A hybrid approach for predictive soil property mapping using conventional soil survey data

Soil property maps are important for land management and earth systems modeling. A new hybrid point-disaggregation predictive soil property mapping strategy improved mapping in the Colorado River Basin, and can be applied to other areas with similar data (e.g. conterminous United States). This new approach increased sample size ~6-fold over past efforts. Random forests related environmental raster layers representing soil forming factors to samples to predict 15 soil properties (pH, texture fractions, rock, electrical conductivity, gypsum, CaCO3, sodium adsorption ratio, available water capacity, bulk density, erodibility, organic matter) at 7 depths, depth to restrictive layer, and surface rock size and cover.

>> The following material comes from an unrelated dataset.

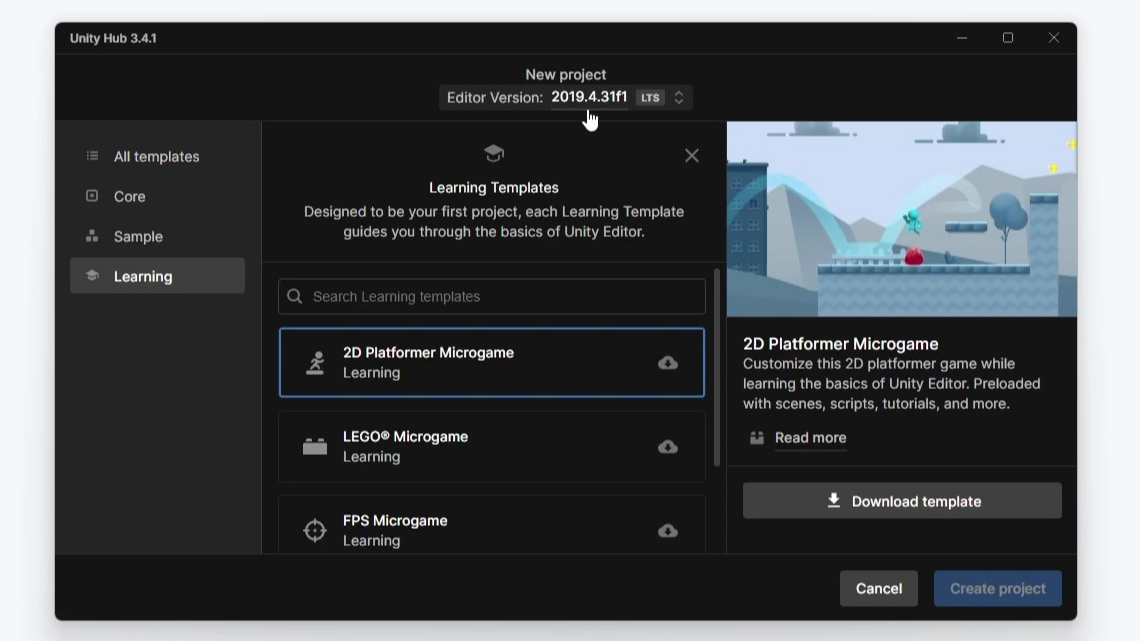 화면의 New project 버튼을 눌러보시면 Editor Version 2019.4.31f1 로 표시된 것을 확인할 수 있습니다.

Cross-validations resulted in coefficient of determinations averaging 0.52, with a range of 0.20 to 0.76; and mean absolute errors ranged from 3% to 98% of training data averages with a mean of 41%. Uncertainty estimates were also developed by creating relative prediction intervals (RPIs) for the entire study area, which allow end users to evaluate uncertainty relative to original data distributions. Average error increased with higher RPI values (higher uncertainty), and areas with the highest RPI are consistently under-sampled, suggesting that additional sampling in these areas may improve prediction accuracy. Greater uncertainty was also observed in areas with shale parent materials and physiographic settings uncommon relative to the broader study area.